Yesterday once more
Yesterday is Thursday. (Note tense.)
Uncle Albert, asleep after lunch. |
Or, this Thursday we get lunch. Usually, I make lunch - soup and sandwiches, and often I drink a Pepsi and forego my afternoon cup of coffee. On my current medication, I can drink one cup of coffee in the morning and one in the afternoon. I take the medication at night before I go to bed.
Usually, I make lunch, but today we get lunch. We meet Axel Sundstrøm and his brother Nils. We have agreed in advance that we’re not going to talk about politics so I can eat with the rest of them; I don’t have to move to another table. [See here.]
Then, damn it all, we talk about religion. I don’t move, but I try not to listen. So, only this much filters through:
The question seems to be whether religion will survive this century. It’s an “anthropological” question, Axel says. He means that it has to do with whether we anthrōpoi need to have a god, or we don’t. “It’s Tillich, isn’t it?” he asks, “that maintains we have in us a ‘god-shaped void’ that is waiting for something to revere, to worship and adore, to rush in to fill it, the void.” Whatever is most important to us at any given time will come in, it will fill us; we will give ourselves to it, we will be guided by it, it will become our god.

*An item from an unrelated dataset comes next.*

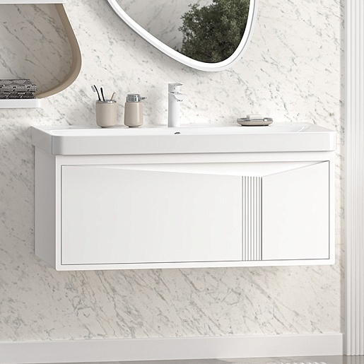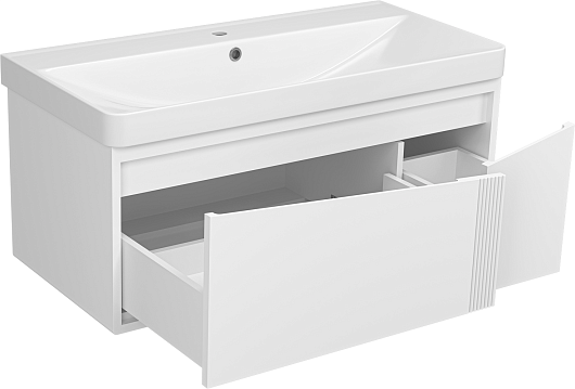 Подвесная тумба с раковиной Brevita Cascade 100 - арт. CAS-09100-011Я / RCW-1418100WH.

Nils is nodding his big hairy head. I think: Axel is bald because Nils has appropriated his share of hair as well as his own. Uncle Albert appears to be dozing, his eyes are closed. Then, he wakes up, they open. “You said ‘Tillich,’” he looks at Axel. Axel nods his head. Uncle Albert closes his eyes again.
We wait.
“Two problems,” he says, coming to.
We wait some more.
“One, the shit that others fill us with.” He looks at Axel, then at Nils. “I mean you guys,” he says. (I know what he means. As soon as we start talking about what’s important to us, there will be someone that will want to explain to us what we mean. “Yes, I know what you’re saying,” they’ll say. “Let me explain it to you.” Preachers. Teachers. Others that think they’re the “adults in the room.”)
“Thus,” Uncle Albert goes on, “God becomes religion.” He closes his eyes.
Kent Tekulve pitching in the fog to no one, Pittsburgh, 1977. |
“Two,” Uncle Albert says, eyes blinking open. “And this would be no end of frustrating for the explainers if you were self-aware enough to see it: We’re all polytheists. What is more important than anything else, what we give ourselves over to this morning, is different from what was most important, what we gave ourselves to last night. We rolled over. We went to sleep. We bumbled through our dreams like bees from flower to flower, and we woke up coated with a different pollen.
“Add to that, when we get out of bed to write down our dreams, we change them. We add a mountain here and there to make them more solid, though then we color the sea orange, forests yellow, the grass teal.” He stops. “Serial polytheists,” he says then.
Axel lets go of Nils’ hand, and Nils says - his hand loosed, he thinks he has to say something - he swallows and says, “What?”
Uncle Albert shakes his head. His eyes close again.